§ What the task asks
The whole listing, except its pictures, is to be repeated exactly.

§ Data section
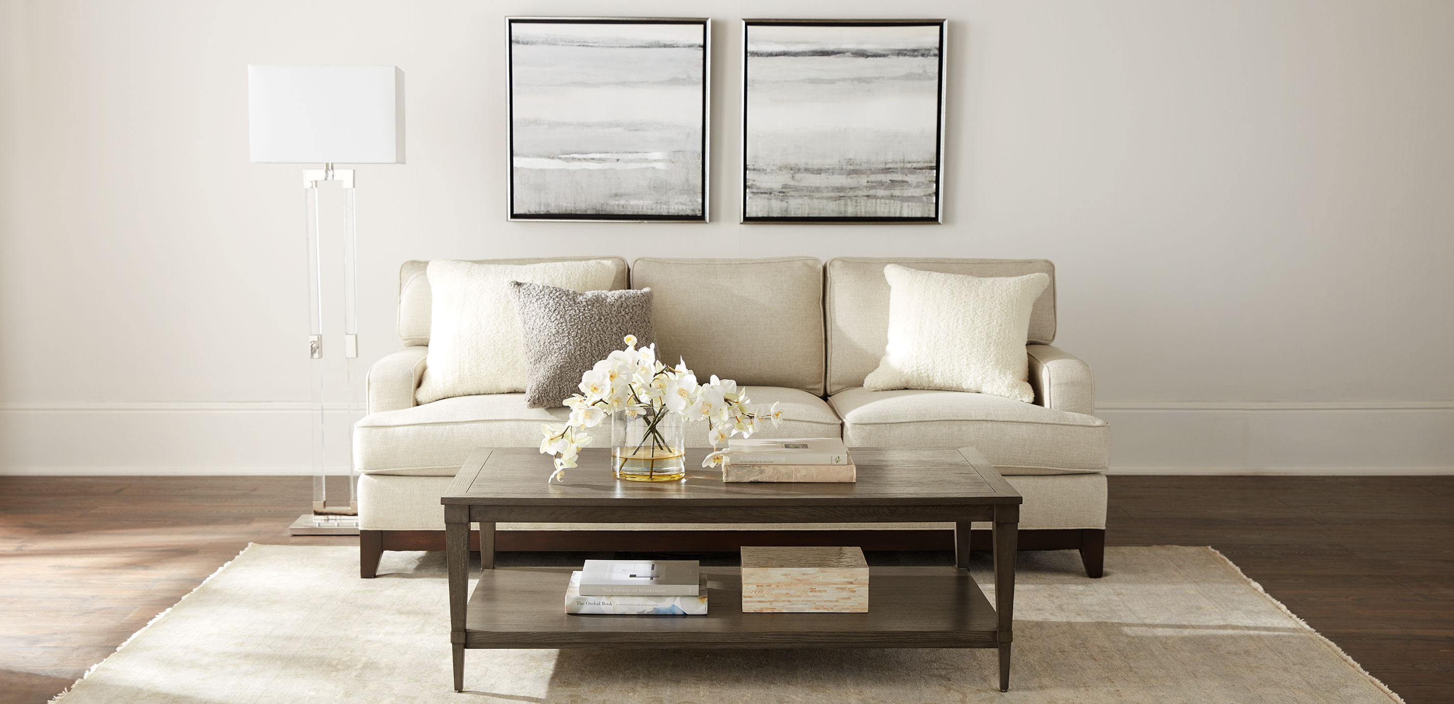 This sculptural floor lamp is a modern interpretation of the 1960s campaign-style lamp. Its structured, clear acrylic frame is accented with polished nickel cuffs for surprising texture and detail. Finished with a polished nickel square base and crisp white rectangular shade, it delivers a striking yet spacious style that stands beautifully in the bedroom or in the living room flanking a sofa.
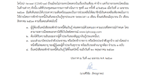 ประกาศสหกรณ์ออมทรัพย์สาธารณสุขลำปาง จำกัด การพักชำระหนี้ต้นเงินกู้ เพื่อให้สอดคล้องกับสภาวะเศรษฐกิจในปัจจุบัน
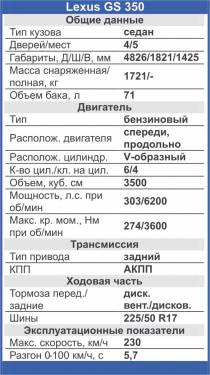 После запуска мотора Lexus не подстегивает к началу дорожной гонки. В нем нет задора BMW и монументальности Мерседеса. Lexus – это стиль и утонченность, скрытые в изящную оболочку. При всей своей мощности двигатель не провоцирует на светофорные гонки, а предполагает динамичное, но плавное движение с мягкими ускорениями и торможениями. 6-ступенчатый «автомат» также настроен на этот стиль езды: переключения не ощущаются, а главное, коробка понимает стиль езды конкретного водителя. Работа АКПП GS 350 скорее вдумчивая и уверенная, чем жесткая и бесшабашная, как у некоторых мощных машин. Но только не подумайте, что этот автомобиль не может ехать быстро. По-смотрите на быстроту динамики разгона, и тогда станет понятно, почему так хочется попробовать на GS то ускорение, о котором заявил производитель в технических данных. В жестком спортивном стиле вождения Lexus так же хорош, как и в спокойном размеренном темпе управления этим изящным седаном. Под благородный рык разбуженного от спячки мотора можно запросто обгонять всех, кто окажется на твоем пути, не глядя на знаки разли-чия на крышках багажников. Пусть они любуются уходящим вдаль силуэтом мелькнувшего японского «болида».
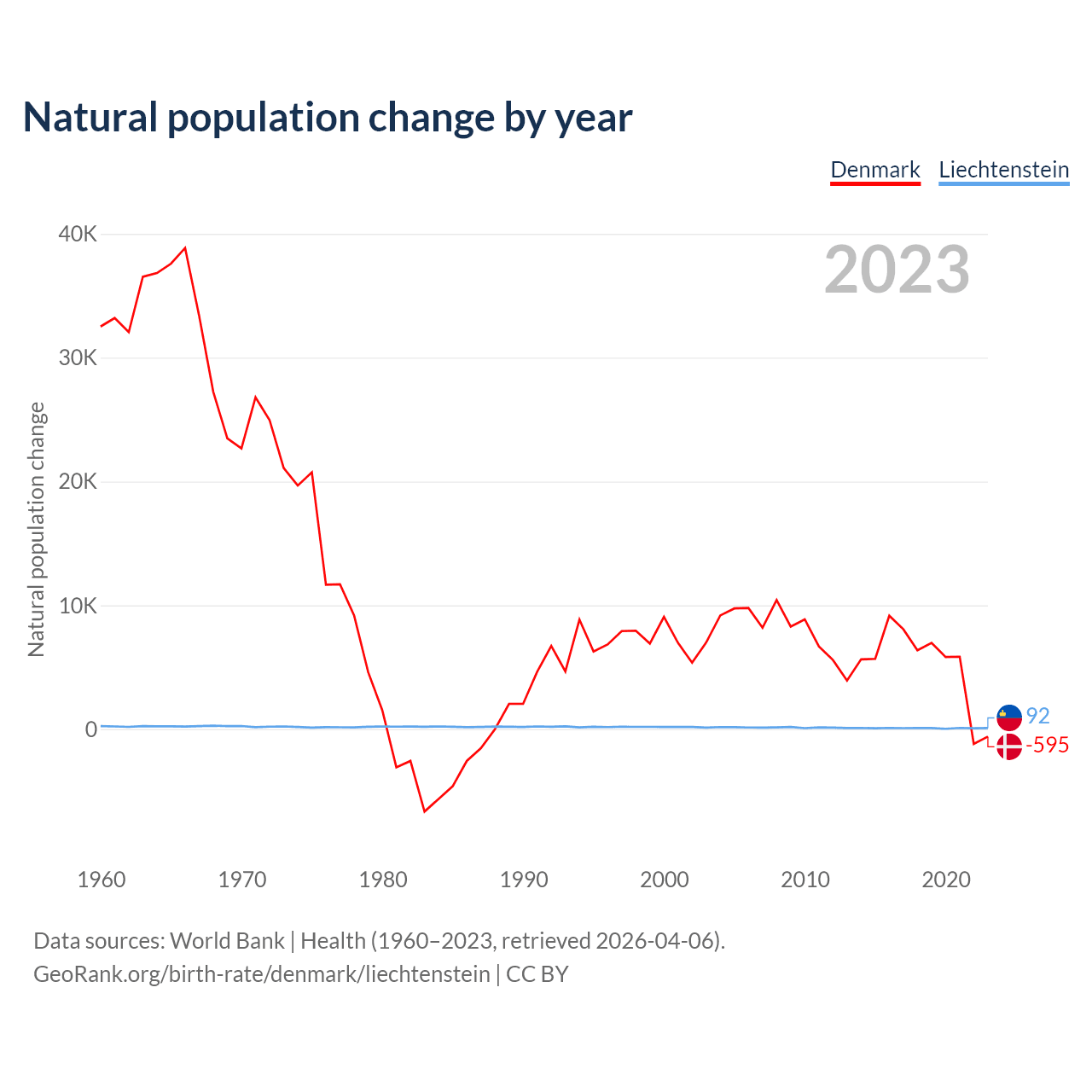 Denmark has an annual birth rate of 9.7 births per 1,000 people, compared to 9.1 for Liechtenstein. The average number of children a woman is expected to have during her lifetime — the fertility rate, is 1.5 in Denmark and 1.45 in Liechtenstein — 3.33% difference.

§ Answer to this task
 This sculptural floor lamp is a modern interpretation of the 1960s campaign-style lamp. Its structured, clear acrylic frame is accented with polished nickel cuffs for surprising texture and detail. Finished with a polished nickel square base and crisp white rectangular shade, it delivers a striking yet spacious style that stands beautifully in the bedroom or in the living room flanking a sofa.
 ประกาศสหกรณ์ออมทรัพย์สาธารณสุขลำปาง จำกัด การพักชำระหนี้ต้นเงินกู้ เพื่อให้สอดคล้องกับสภาวะเศรษฐกิจในปัจจุบัน
 После запуска мотора Lexus не подстегивает к началу дорожной гонки. В нем нет задора BMW и монументальности Мерседеса. Lexus – это стиль и утонченность, скрытые в изящную оболочку. При всей своей мощности двигатель не провоцирует на светофорные гонки, а предполагает динамичное, но плавное движение с мягкими ускорениями и торможениями. 6-ступенчатый «автомат» также настроен на этот стиль езды: переключения не ощущаются, а главное, коробка понимает стиль езды конкретного водителя. Работа АКПП GS 350 скорее вдумчивая и уверенная, чем жесткая и бесшабашная, как у некоторых мощных машин. Но только не подумайте, что этот автомобиль не может ехать быстро. По-смотрите на быстроту динамики разгона, и тогда станет понятно, почему так хочется попробовать на GS то ускорение, о котором заявил производитель в технических данных. В жестком спортивном стиле вождения Lexus так же хорош, как и в спокойном размеренном темпе управления этим изящным седаном. Под благородный рык разбуженного от спячки мотора можно запросто обгонять всех, кто окажется на твоем пути, не глядя на знаки разли-чия на крышках багажников. Пусть они любуются уходящим вдаль силуэтом мелькнувшего японского «болида».
 Denmark has an annual birth rate of 9.7 births per 1,000 people, compared to 9.1 for Liechtenstein. The average number of children a woman is expected to have during her lifetime — the fertility rate, is 1.5 in Denmark and 1.45 in Liechtenstein — 3.33% difference.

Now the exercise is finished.